Shaw temporarily closing all stores nationwide, Telus shutting down mall kiosks in response to COVID-19 pandemic

    A Freedom Mobile location in Toronto. The Canadian Press/Nathan Denette

    Shaw is temporarily closing all its stores across Canada and Telus is putting its mall kiosks on hiatus as the COVID-19 pandemic spreads across the country. Both firms will pay employees who are losing hours because of the moves.

    Shaw’s temporary closures, which are currently scheduled to last until March 27, affect all of its 159 stores nationwide, including those of its subsidiary, Freedom Mobile.

    Talking Point

    Telus and Shaw, two of Canada’s largest telecoms, are temporarily closing locations across the country in response to the COVID-19 pandemic. Shaw is shutting down all storefronts, whereas Telus is closing its mall kiosks, as both firms try to reduce the number of people exposed to the disease. It’s not just telecoms shutting down. Apple is closing 450 stores across 21 countries; Knix Wear, Lululemon, Lush Cosmetics and Aritizia have all closed their doors, as well.

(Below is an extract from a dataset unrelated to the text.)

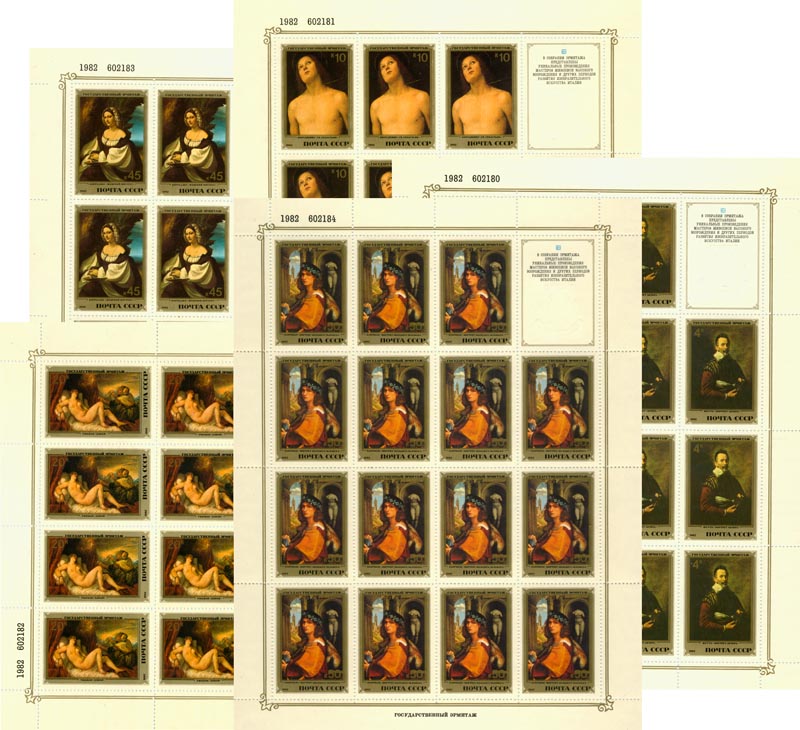 Почтовые марки. СССР, набор малых листов 1982 год. Государственный Эрмитаж (5шт.)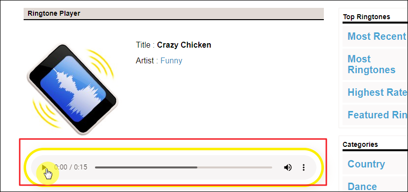 ▼ 사이트에 접속하면 메뉴에 있는 [Ringtones]를 클릭해 주세요. 그럼 바로 다운받기 가능한 여러 가지 벨소리가 나타납니다. 메인화면을 보면 크리스마스에 관련된 여러 가지 음원이 많이 보이네요. 재생 버튼을 누르면 사이트에서 바로 해당 음원을 들어볼 수 있어요. 마음에 드는 음원을 찾았으면 벨소리 이름을 클릭해 보세요.

    “The health and well-being of our employees and customers is our top priority,” said Shaw CEO Brad Shaw in a statement. “This step will help our communities and health care professionals across the country better tackle this growing pandemic by helping to flatten the curve and reduce the number of individuals who can be exposed to COVID-19.”

    Telus’s move, which goes into effect at the close of business Monday, affects kiosks operating under its own name, as well as those of its brands Koodo and Public Mobile.

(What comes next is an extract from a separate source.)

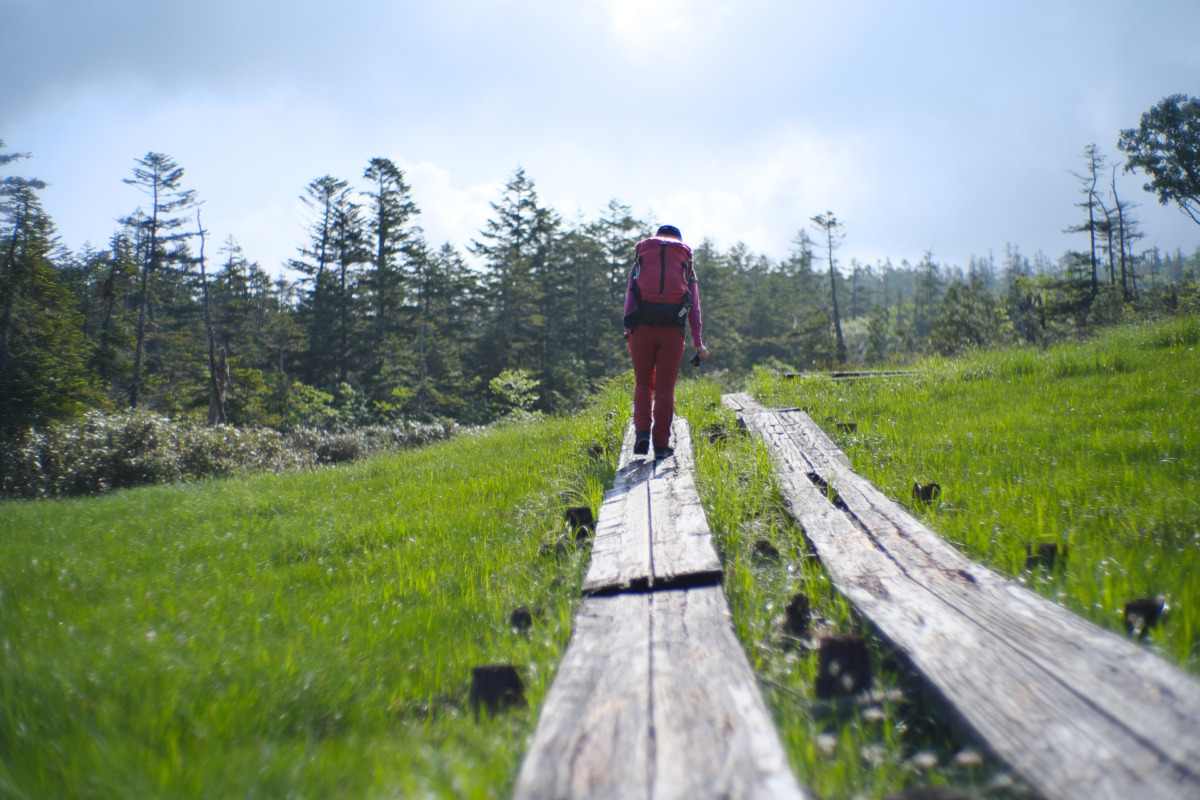 今年の夏は、ワタスゲが当たり年だと聞いてそわそわ。あの白いぽわぽわが大好きな私は、尾瀬のアヤメ平を目指しました。登山のスタートは鳩待峠。山ノ鼻に下る道ではなく、休憩舎の裏側から登山道に入ります。「鳩待ち通り」と呼ばれるこの道を歩く人は少なくて、とても静かです。

    “For retail team members affected by store closures we are introducing top up payments to ensure that they continue to be paid their average monthly wages and performance pay during this challenging time,” Telus spokesperson Brandi Rees told The Logic. She set no timeline for how long the closures would last: “It’s a fluid situation that we are continuing to monitor.”

    Telus is keeping storefronts open, but is taking additional measures to protect employee safety, including “enabling a touchless experience” in its stores. 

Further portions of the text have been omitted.